MATERIALS PROVIDED below:

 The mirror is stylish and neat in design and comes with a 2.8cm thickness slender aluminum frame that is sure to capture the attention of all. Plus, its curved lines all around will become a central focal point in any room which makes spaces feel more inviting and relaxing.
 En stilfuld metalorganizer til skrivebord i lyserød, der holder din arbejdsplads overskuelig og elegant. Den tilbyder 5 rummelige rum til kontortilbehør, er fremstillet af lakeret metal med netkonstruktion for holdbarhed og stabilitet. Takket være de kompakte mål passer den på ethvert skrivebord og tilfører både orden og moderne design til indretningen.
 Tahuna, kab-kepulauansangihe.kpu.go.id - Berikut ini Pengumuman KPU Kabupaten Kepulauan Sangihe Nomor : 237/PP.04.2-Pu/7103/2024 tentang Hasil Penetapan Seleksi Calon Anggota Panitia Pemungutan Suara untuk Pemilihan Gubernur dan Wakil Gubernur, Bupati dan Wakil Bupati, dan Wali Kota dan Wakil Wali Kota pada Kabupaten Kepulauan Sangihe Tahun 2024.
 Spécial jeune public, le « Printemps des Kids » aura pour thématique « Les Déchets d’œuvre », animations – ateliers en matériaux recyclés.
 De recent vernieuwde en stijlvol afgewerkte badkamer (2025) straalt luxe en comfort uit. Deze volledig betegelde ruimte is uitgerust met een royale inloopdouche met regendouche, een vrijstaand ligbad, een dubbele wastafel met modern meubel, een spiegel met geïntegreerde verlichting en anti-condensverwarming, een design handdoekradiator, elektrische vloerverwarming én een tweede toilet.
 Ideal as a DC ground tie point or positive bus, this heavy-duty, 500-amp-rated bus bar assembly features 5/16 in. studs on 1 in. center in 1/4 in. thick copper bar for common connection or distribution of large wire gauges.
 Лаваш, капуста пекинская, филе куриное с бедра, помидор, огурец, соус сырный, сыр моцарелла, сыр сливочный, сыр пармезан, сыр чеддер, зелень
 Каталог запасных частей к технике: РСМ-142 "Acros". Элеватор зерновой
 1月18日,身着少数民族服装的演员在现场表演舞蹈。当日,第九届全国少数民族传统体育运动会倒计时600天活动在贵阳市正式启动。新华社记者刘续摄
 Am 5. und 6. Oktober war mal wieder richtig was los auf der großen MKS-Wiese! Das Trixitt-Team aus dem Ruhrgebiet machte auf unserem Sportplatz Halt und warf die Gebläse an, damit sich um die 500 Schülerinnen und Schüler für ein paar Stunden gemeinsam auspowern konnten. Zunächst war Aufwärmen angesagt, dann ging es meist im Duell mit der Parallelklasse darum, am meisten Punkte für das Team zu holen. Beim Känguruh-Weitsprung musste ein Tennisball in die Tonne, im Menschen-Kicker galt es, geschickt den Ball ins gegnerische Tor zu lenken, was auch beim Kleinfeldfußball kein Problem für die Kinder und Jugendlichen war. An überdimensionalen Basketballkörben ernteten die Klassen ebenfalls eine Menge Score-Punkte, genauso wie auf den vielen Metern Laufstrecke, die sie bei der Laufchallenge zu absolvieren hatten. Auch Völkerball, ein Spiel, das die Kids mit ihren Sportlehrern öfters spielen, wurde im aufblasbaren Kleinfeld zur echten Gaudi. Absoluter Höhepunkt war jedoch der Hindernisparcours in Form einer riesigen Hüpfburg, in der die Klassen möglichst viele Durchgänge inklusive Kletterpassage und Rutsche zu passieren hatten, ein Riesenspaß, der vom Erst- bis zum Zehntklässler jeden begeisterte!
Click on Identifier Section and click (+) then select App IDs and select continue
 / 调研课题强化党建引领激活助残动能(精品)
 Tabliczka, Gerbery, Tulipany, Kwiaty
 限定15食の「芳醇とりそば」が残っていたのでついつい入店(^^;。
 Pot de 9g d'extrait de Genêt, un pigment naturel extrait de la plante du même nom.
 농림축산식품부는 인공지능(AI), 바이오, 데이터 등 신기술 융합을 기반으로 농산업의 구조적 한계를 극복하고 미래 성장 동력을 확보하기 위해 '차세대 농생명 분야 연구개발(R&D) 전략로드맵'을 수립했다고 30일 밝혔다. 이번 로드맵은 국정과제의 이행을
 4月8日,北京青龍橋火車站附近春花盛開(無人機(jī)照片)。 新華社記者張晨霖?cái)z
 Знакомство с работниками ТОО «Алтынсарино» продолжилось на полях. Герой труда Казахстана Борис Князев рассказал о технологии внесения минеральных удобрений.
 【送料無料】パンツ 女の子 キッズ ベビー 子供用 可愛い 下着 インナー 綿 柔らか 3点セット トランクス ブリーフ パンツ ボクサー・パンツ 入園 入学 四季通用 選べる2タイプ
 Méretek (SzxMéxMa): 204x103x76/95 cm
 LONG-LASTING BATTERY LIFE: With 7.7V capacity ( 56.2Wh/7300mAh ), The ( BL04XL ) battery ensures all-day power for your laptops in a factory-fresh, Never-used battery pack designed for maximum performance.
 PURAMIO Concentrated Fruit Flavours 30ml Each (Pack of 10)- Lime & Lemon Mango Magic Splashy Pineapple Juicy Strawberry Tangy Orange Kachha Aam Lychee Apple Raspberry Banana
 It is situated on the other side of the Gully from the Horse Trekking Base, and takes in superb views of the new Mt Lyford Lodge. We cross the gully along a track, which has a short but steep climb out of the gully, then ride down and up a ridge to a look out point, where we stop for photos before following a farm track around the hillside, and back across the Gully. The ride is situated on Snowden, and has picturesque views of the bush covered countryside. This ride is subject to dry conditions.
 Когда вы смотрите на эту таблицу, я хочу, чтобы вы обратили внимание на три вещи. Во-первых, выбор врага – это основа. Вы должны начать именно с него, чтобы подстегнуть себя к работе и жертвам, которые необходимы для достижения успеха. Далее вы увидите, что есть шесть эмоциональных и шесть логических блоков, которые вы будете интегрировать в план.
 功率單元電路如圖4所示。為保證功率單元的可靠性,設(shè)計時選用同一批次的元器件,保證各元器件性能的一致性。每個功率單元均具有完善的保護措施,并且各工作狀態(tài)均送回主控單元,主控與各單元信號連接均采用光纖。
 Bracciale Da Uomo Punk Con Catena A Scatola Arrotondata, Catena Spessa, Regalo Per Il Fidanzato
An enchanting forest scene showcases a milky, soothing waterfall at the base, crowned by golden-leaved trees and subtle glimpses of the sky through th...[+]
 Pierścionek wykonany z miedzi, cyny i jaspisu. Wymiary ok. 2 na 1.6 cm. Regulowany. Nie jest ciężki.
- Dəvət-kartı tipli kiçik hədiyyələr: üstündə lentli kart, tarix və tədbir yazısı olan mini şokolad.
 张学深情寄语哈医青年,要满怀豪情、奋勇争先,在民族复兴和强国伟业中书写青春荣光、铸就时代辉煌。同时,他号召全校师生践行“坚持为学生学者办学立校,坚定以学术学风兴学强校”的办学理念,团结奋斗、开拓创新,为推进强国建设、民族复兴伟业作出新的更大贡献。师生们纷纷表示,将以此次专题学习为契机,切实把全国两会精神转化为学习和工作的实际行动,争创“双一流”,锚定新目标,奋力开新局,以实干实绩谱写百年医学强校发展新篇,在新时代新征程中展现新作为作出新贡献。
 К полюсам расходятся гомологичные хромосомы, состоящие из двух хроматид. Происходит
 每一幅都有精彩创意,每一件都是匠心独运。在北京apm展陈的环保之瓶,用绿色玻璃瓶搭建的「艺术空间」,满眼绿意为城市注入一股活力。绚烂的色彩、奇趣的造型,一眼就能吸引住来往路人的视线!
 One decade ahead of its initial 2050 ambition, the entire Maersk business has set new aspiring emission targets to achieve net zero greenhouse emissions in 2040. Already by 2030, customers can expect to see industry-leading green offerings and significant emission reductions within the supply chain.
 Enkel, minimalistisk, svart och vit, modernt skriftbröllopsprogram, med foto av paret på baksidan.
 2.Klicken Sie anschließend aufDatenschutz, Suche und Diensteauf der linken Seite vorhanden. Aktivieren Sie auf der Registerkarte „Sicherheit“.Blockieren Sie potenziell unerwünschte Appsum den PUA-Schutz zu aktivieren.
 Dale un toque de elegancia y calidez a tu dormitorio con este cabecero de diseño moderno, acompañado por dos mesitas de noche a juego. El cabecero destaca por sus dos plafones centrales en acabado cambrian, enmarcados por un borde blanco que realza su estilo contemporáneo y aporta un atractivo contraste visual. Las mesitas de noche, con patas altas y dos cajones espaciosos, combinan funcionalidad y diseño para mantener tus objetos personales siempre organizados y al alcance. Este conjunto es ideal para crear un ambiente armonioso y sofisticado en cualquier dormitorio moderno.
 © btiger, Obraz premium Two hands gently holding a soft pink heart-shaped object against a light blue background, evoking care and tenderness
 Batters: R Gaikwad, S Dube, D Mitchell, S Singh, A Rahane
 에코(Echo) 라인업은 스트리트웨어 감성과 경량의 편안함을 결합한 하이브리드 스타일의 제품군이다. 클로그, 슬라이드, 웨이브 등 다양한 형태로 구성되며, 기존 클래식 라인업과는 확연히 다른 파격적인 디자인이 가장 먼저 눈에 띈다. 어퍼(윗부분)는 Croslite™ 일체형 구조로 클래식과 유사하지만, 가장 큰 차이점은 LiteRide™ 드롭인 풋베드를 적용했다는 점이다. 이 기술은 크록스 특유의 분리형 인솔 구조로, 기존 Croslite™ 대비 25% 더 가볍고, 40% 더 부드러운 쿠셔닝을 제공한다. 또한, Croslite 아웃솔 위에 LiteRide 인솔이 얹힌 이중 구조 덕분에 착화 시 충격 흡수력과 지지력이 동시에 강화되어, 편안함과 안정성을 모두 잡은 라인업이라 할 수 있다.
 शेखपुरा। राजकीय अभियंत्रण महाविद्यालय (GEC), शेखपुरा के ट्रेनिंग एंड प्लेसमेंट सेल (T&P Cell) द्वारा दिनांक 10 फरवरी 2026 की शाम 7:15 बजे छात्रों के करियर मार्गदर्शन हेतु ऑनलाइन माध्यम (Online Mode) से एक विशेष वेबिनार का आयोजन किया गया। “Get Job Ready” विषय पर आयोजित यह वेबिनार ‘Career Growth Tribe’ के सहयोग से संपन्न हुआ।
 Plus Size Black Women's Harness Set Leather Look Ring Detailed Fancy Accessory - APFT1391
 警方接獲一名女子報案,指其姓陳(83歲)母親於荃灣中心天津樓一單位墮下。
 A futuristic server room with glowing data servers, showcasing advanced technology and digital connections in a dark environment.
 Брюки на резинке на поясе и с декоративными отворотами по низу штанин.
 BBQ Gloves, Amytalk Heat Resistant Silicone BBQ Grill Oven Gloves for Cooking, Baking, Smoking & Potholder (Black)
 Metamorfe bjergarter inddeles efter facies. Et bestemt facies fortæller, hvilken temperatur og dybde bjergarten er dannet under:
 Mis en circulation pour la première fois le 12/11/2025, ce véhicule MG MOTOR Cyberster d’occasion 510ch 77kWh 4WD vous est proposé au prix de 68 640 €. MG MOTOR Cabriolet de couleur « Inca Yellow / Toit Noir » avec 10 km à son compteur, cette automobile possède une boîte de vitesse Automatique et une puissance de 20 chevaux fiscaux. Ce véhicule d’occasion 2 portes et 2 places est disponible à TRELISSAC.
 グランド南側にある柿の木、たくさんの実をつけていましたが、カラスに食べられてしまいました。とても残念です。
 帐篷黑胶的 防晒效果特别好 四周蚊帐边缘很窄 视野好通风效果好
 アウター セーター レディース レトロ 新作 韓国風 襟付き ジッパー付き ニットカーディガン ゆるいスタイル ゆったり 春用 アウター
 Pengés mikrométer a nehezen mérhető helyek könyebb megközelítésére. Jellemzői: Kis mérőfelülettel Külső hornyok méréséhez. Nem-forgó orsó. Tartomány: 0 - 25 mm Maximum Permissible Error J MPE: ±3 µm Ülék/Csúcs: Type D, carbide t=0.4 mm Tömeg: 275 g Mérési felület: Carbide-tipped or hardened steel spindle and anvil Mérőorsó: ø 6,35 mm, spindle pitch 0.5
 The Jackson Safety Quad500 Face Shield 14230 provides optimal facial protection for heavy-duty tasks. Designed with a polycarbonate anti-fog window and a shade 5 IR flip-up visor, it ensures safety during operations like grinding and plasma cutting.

End of MATERIALS PROVIDED.

# [WORK REQUEST]
Beginning with the first line of the entries, repeat each line exactly until you have reproduced the one containing "En stilfuld metalorganizer", and add nothing further.

# [ANSWER BOX]
 The mirror is stylish and neat in design and comes with a 2.8cm thickness slender aluminum frame that is sure to capture the attention of all. Plus, its curved lines all around will become a central focal point in any room which makes spaces feel more inviting and relaxing.
 En stilfuld metalorganizer til skrivebord i lyserød, der holder din arbejdsplads overskuelig og elegant. Den tilbyder 5 rummelige rum til kontortilbehør, er fremstillet af lakeret metal med netkonstruktion for holdbarhed og stabilitet. Takket være de kompakte mål passer den på ethvert skrivebord og tilfører både orden og moderne design til indretningen.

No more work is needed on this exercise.